Wednesday, February 13, 2013

Walking on Egg Shells

A disturbed woman lies to her adult daughter about her relationship to the daughter's father. Read the rest on
Walking on Egg Shells  

Alicia Morovia couldn't take in whom she was speaking to when she received the telephone call.
The man said his name again, "Jack Halling." He added, "I'm your father. I hope you don't mind that I phoned?"
"No, no."
"I wonder if you'd like to meet me and…my wife. And Christine."
"My …daughter. Actually that's why we're in Melbourne. Christine's husband has been transferred here."
Alicia had a feeling he almost said eldest daughter. She was his eldest daughter though she hadn't seen him since she was two.
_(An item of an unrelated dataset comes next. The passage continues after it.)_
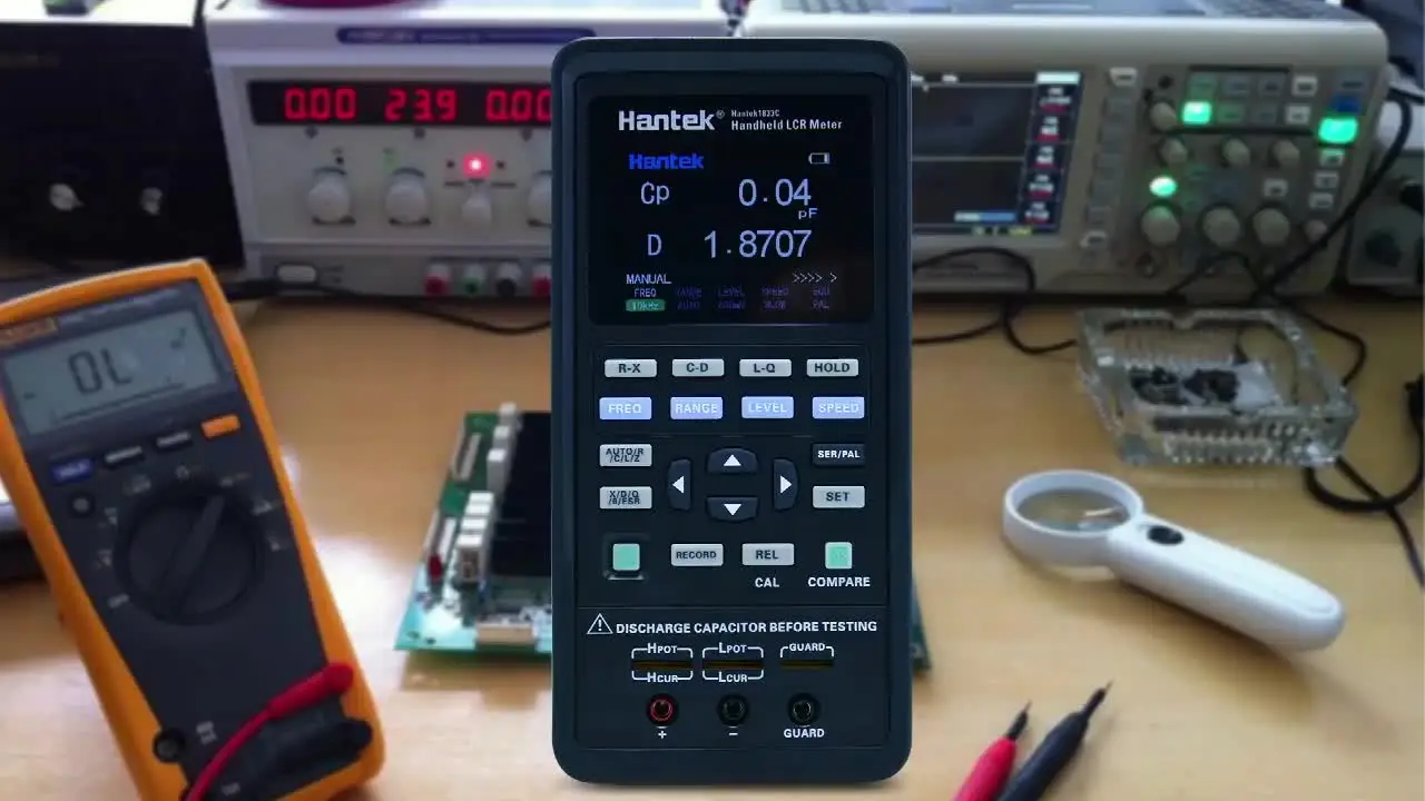 Professionelle Messtechnik für deine Elektronik-Projekte! Das Hantek 1833C LCR-Messgerät ist dein zuverlässiger Partner für präzise Messungen von elektronischen Bauteilen.\\n\\nTechnische Highlights:\\n• Testfrequenzen: 100Hz bis 100kHz (10 Frequenzen)\\n• Grundgenauigkeit: 0,30%\\n• Display: 2,8 Zoll TFT LCD\\n• Messparameter: L/C/R/Z\\n• Betriebsspannung: 0,6 Vms, 0,3 Vms\\n\\nBesondere Features:\\n• Automatische und manuelle Bereichswahl\\n• Drei- und Fünf-Punkt-Messung\\n• Einstellbare Messgeschwindigkeit\\n• Wiederaufladbarer Akku\\n• Stoßfeste Schutzhülle\\n• PC-Schnittstelle für Datenanalyse\\n\\nEinsatzbereiche:\\n• Charakterisierung passiver Bauteile\\n• Fehlersuche in Schaltungen\\n• Qualitätskontrolle in der Produktion\\n• Entwicklung und Forschung\\n• Reparatur und Wartung\\n\\nVorteile für dich:\\n• Schnelle und genaue Messergebnisse\\n• Einfache Bedienung durch klare Anzeige\\n• Robuste Bauweise für den täglichen Einsatz\\n• Lange Akkulaufzeit\\n• Umfangreiche Analyse-Möglichkeiten\\n\\nOb du Elektronik-Entwickler, Servicetechniker oder Hobby-Bastler bist - dieses Messgerät liefert dir zuverlässige Daten für deine Arbeiten. Die hohe Präzision und die vielfältigen Funktionen machen es zum idealen Werkzeug für anspruchsvolle Messaufgaben.

“We could have lunch…or a coffee…” Jack Halling’s voice trailed off.
“Lunch sounds fine.” Alicia mentioned a place in the city where she’d be sure not to meet any of her friends.
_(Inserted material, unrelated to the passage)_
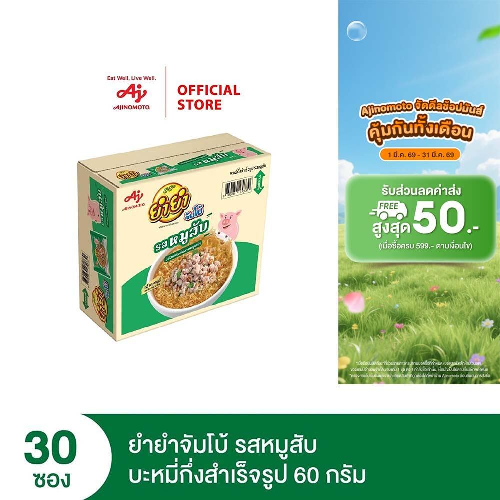 YumYum ยำยำจัมโบ้ บะหมี่กึ่งสำเร็จรูป รสหมูสับ 60 กรัม 30 ซอง

She put down the telephone and glanced at the clock. Half-past-three. The children would soon be home from school.
She ran her fingers through her hair, stressed after the call. She didn't know what her father looked like. She'd never seen a photo of him. Her mother would have destroyed them.
Her father said he had a wife and daughter.
Her mother had never said they were divorced. She still spoke of him, even now, thirty-five years later, as if they were still married. She'd fled with two-year Alicia to the other side of the country to get away from his beatings and drunken rages.
Alicia had lived with the horror tales all her life. The stories became worse as her mother's anger grew and her eyes glittered with hate as she spat the name: Jack Halling. Sometimes Alicia felt she'd scream if her mother didn't stop.
The door banged. Ten-year-old Tommy came in. Dropping his bag on the floor, he headed straight for the kitchen and spread a slice of bread thickly with butter and peanut paste, emerging with half the slice stuffed in his mouth.